Facebook Drops Daily Deals Programme

Facebook has pulled the plug on its shopping discount service after just four months

Facebook said it has shuttered its local daily deals service, a 4-month-old effort to challenge Groupon and LivingSocial in the burgeoning but markedly copycat-filled market for social commerce.

Launched in April, Facebook Deals let local businesses pitch deals to Facebook users living in Atlanta; Austin, Texas; Dallas; San Diego and San Francisco. The social network giant aggregated daily discounts of 50 percent or more from local merchants, as well as from providers such as aDealio, Gilt City and OpenTable.

Social deals

While deals issued from market leaders Groupon and LivingSocial target individuals, Facebook offered a more social bent on deals, including discount packages for concerts, group hikes and wine tastings. Facebook Deals came via email and a special Deals tab for Facebook homepages, but they also surfaced in News Feeds to show users what their friends are buying.

The service failed to gain traction, though Facebook declined to say why it pulled a quick trigger on it.

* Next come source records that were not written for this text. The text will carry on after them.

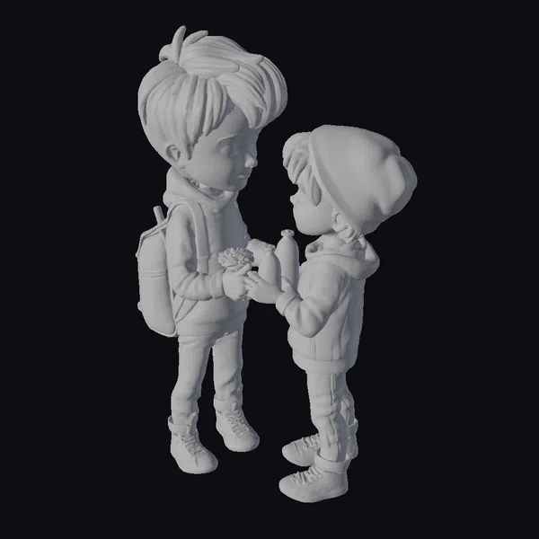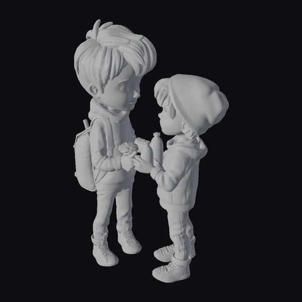 Detailed in a cartoon style, this 3D model captures a poignant moment between two children. The boy on the left, with a backpack, offers a bottle of water and some snacks to his friend. The model showcases their facial expressions and body language, emphasizing their interaction. The textures, from the casual clothing to the backpack, are finely detailed. This model is perfect for projects focusing on themes of charity, friendship, and social responsibility, suitable for animations, games, or VR/AR experiences.
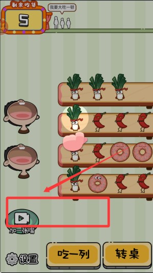 1、基础机制,通过点击三个相同食物进行消除,成功喂饱吃货角色即可得分,操作简单易上手。
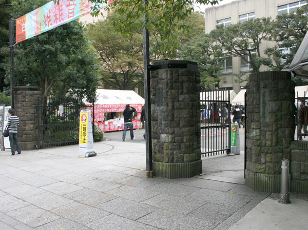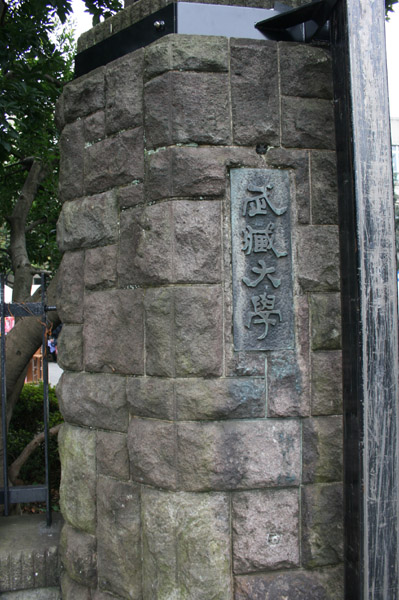 旧制武蔵高等学校の正門です。石造りの門柱が並んでます。
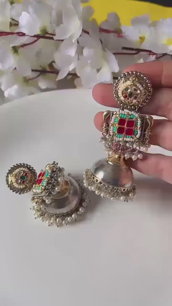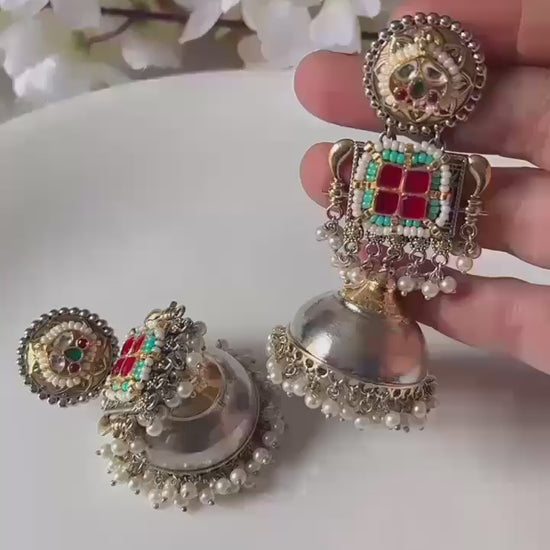 Elevate your festive look with this royal handcrafted jhumka, featuring intricate kundan detailing, vibrant beads, and delicate pearl drops. A perfect fusion of traditional artistry and timeless elegance.
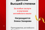 Элина Захарова учится в 7 классе. Занимается на курсах английского в центре SOVINS со 2 класса, то есть учится шестой год. В этом учебном году добилась блестящих результатов. Ее ответы и оценки на каждом уроке 10 баллов. Портал Rilsoa поздравляет Елину Захарову с таким выдающимся результатом и с присуждением Диплома Высшей Степени за особые заслуги в изучении английского языка
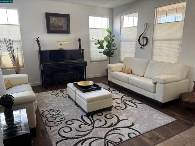In the desirable Eden Shores neighborhood. Immaculately maintained 5BR/4.5BA home with office in desirable Hayward neighborhood. Features brand-new laminate flooring throughout all upstairs bedrooms, hallway, living room, and guest bedroom, with tile in all bathrooms, office, laundry, kitchen/family room, dining area, den, and downstairs hallways. Plantation shutters in the office, primary bedroom/bath, family room, and kitchen slider; window coverings and shades throughout additional rooms. Included appliances: Whirlpool washer/dryer/refrigerator (2020), GE microwave/oven/cooktop/hood, Maytag dishwasher, plus GE garage refrigerator and Kenmore upright freezer. Outdoor furniture—including children’s playhouse—conveys, along with three side-yard storage containers and three upright garage cabinets. Fully operational Koi pond with equipment and over 10 Koi included. Seller to pay off solar at closing. Move-in ready with exceptional care and generous included features.
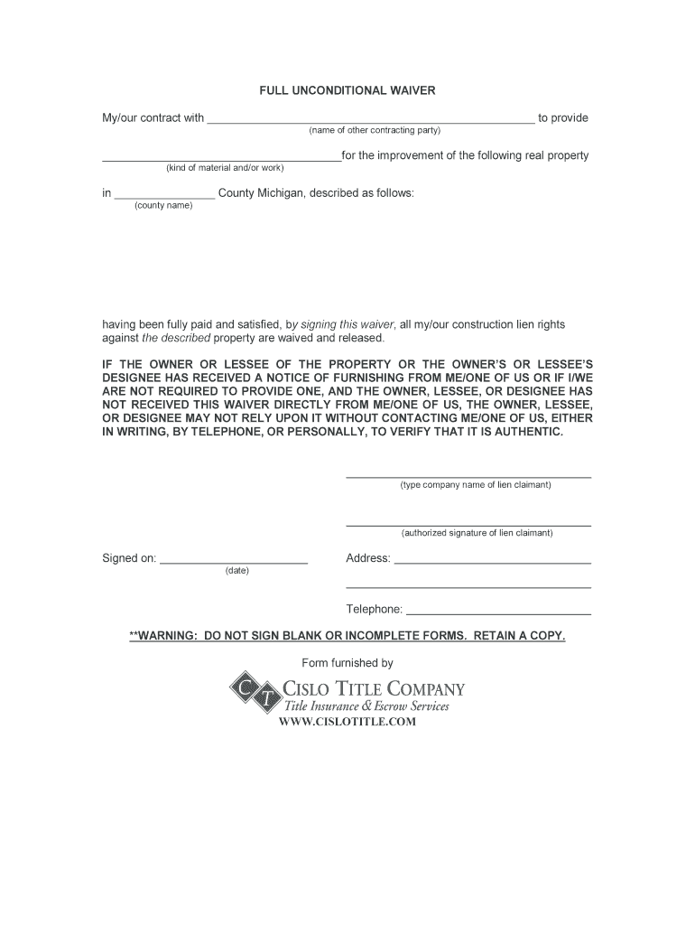 Get the free FULL UNCONDITIONAL WAIVER - Cislo Title
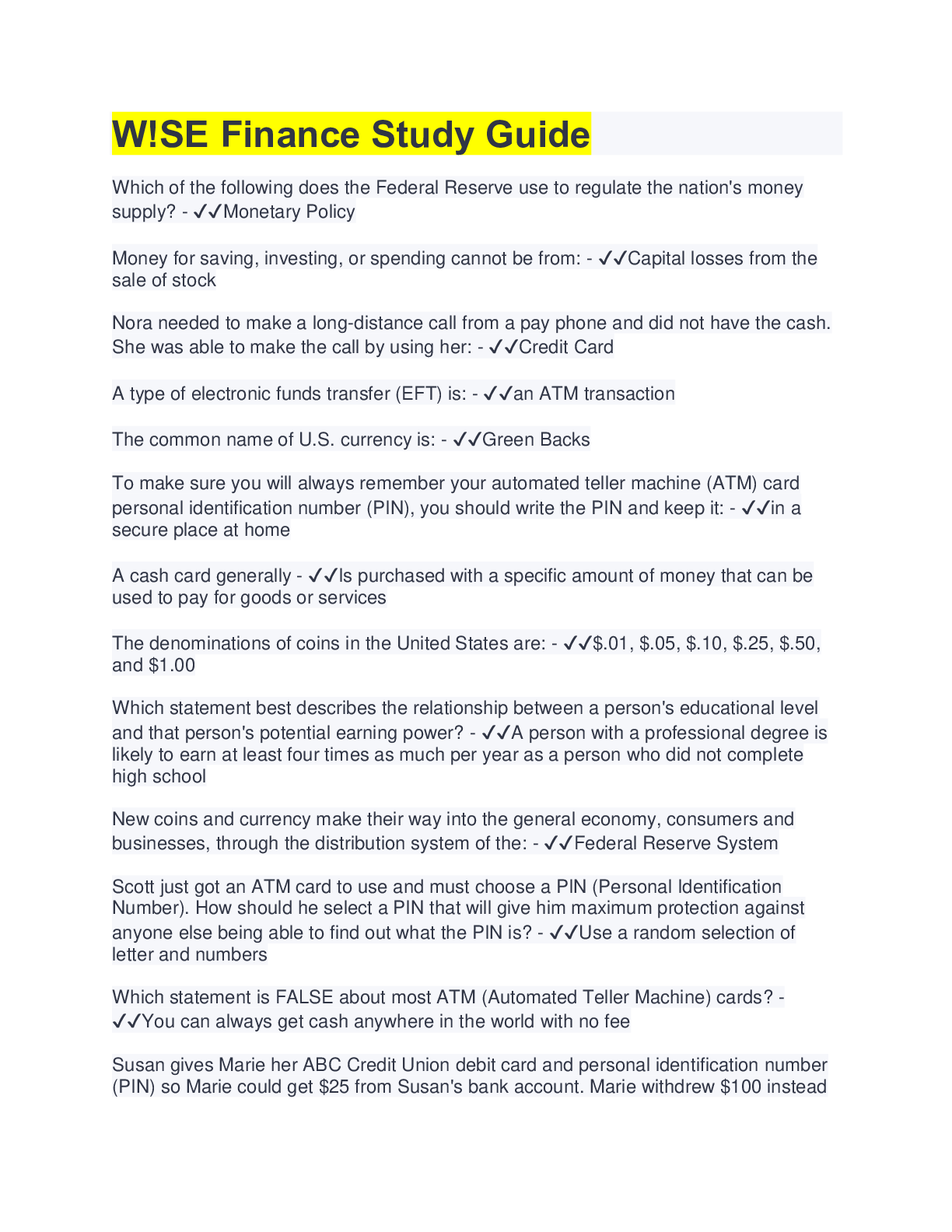 Finance > STUDY GUIDE > W!SE Finance Study Guide | 100 Questions with 100% Correct Answers (All)
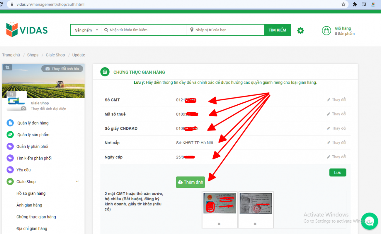 + Nếu là Gian hàng tổ chức ( Doanh nghiệp, HTX, tổ chức có pháp nhân khác), người bán cần điền đầy đủ Mã số thuế, Số giấy chứng nhận Đăng ký kinh doanh (CNĐKKD), ngày cấp, nơi cấp và upload ảnh xác thực giấy CNĐKKD:
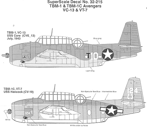 The TBF-1 is from VC-13 aboard the USS Core in July 1943. It is in the Blue-Grey over Light Grey scheme typical of early war aircraft. Also typical is the minimal markings.

“After testing Deals for four months, we’ve decided to end our Deals product in the coming weeks,” a Facebook spokesperson told Reuters on 26 August. “We think there is a lot of power in a social approach to driving people into local businesses. We’ve learned a lot from our test, and we’ll continue to evaluate how to best serve local businesses.”

The chief challenge is that online daily deals have become a commodity business. Daily deals websites sprout up like mushrooms; Amazon just extended its AmazonLocal deals service to New York City.

As Altimeter Group analyst Jeremiah Owyang told Reuters: “There are no barriers to entry. It’s just not going to work because everybody offers it and therefore the margins go down.”

Groupon, which is girding for an initial public offering, is universally acknowledged as the market leader in daily deals.

However, HitWise Experian analyst Bill Tancer said Groupon has experienced almost a 50 percent traffic drop to its website since its peak in the second week of June 2011, compared with last week.

During the same time, Living Social has enjoyed 27 percent growth in visits to its own website. The figures exclude mobile web or access via applications.

Traffic shifts

Tancer said this suggests the increased number of competitors (the commodity factor), not enough of the right deals to suit users’ preferences and “deal fatigue”, is causing traffic shifts at the top.

Tancer noted that PriceGrabber found that 52 percent of those surveyed said they felt overwhelmed by the number of daily deal emails they receive each day.

Facebook’s bow to market leaders Groupon and LivingSocial, which have carved out major portions of the East and West Coast daily deals sales, as well as parts of the Midwest and South, does not bode well for Google Offers, the search engine company’s take on the model.

Google Offers is only available in New York, San Francisco and the surrounding Bay Area, and Portland.

The company hopes to pair a broader roll-out with its Google Wallet mobile payment service, which is launching in New York and San Francisco this summer to let consumers use their smartphones to tap and pay for goods from select retailers.